De acordo com as disposições da Lei n.º 12.850/2013, que define organização criminosa e dispõe sobre a investigação criminal, os meios de obtenção da prova, infrações penais correlatas e o procedimento criminal, assinale a opção correta.
- A)Previsto na lei em apreço, o crime de promover, constituir, financiar ou integrar, pessoalmente ou por interposta pessoa, organização criminosa é, em qualquer circunstância, considerado hediondo
Errada, porque o crime do art. 2º da Lei 12.850/2013 não é hediondo em qualquer circunstância; a lei não traz essa classificação de forma automática.

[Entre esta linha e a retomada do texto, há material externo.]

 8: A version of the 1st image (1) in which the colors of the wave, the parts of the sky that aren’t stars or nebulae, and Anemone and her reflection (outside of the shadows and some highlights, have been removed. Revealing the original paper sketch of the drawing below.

- B)Para a caracterização do conceito de organização criminosa, previsto no primeiro artigo da lei em questão, é necessária apenas a cumulação dos seguintes requisitos: a associação de quatro ou mais pessoas estruturalmente ordenada e caracterizada pela divisão de tarefas, ainda que informalmente, com objetivo de obter, direta ou indiretamente, vantagem de qualquer natureza, mediante a prática de infrações penais.

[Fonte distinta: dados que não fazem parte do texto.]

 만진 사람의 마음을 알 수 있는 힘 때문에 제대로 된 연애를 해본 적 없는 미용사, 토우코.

Errada, porque a definição legal de organização criminosa exige quatro ou mais pessoas, mas também prevê crimes com pena máxima superior a 4 anos ou de caráter transnacional, o que a alternativa omite.
- C)A ação controlada, prevista na referida lei, sempre depende de expresso requerimento do MP e de autorização judicial prévia, para que a diligência seja efetuada.
Errada, porque a ação controlada não depende sempre de expresso requerimento do Ministério Público e de autorização judicial prévia; a disciplina legal é mais específica e não funciona assim de modo absoluto.
- D)É obrigatória a atuação do agente policial na infiltração de agentes, uma vez que aludido dever decorre das atribuições inerentes ao cargo.
Errada, porque a infiltração de agentes não é obrigatória; trata-se de técnica excepcional, condicionada aos requisitos legais e à autorização judicial.
- E)A infiltração de agentes de polícia em tarefas de investigação, representada pelo delegado de polícia ou requerida pelo MP, após manifestação técnica do delegado de polícia quando solicitada no curso de inquérito policial, terá de ser precedida de circunstanciada, motivada e sigilosa autorização judicial, que estabelecerá seus limites.
Certa, porque a Lei 12.850/2013 prevê que a infiltração de agentes pode ser representada pelo delegado de polícia ou requerida pelo Ministério Público, com autorização judicial circunstanciada, motivada e sigilosa, fixando limites.
Gabarito: E
A Lei 12.850/2013 trata da organização criminosa e também dos principais meios de obtenção de prova usados nesse tipo de investigação. O ponto central da questão é a infiltração de agentes, que não acontece de forma livre nem automática: ela depende de autorização judicial circunstanciada, motivada e sigilosa, com fixação de limites. Isso está no art. 10 da lei, que ainda prevê a participação do delegado de polícia na representação e do Ministério Público no requerimento, especialmente quando já houver inquérito policial em curso. Perceba a lógica da lei: como a infiltração é uma medida invasiva e de alto risco, o legislador exigiu controle judicial e fundamentação concreta. Nada de improviso ou de ação no estilo "vamos ver no que dá". A autorização judicial é o filtro que legitima a técnica e impede abuso. É por isso que a alternativa E está correta: ela reproduz, em essência, o que diz o art. 10 da Lei 12.850/2013. A banca gosta de cobrar exatamente esses detalhes de legitimidade e de iniciativa da medida, trocando um verbo aqui, omisso ali, para testar se você decorou a literalidade e entendeu a estrutura do procedimento. Como reforço, lembre também que a ação controlada e a infiltração são técnicas diferentes. A infiltração exige controle judicial prévio; a ação controlada tem disciplina própria no art. 8º e também não é uma medida solta no ar.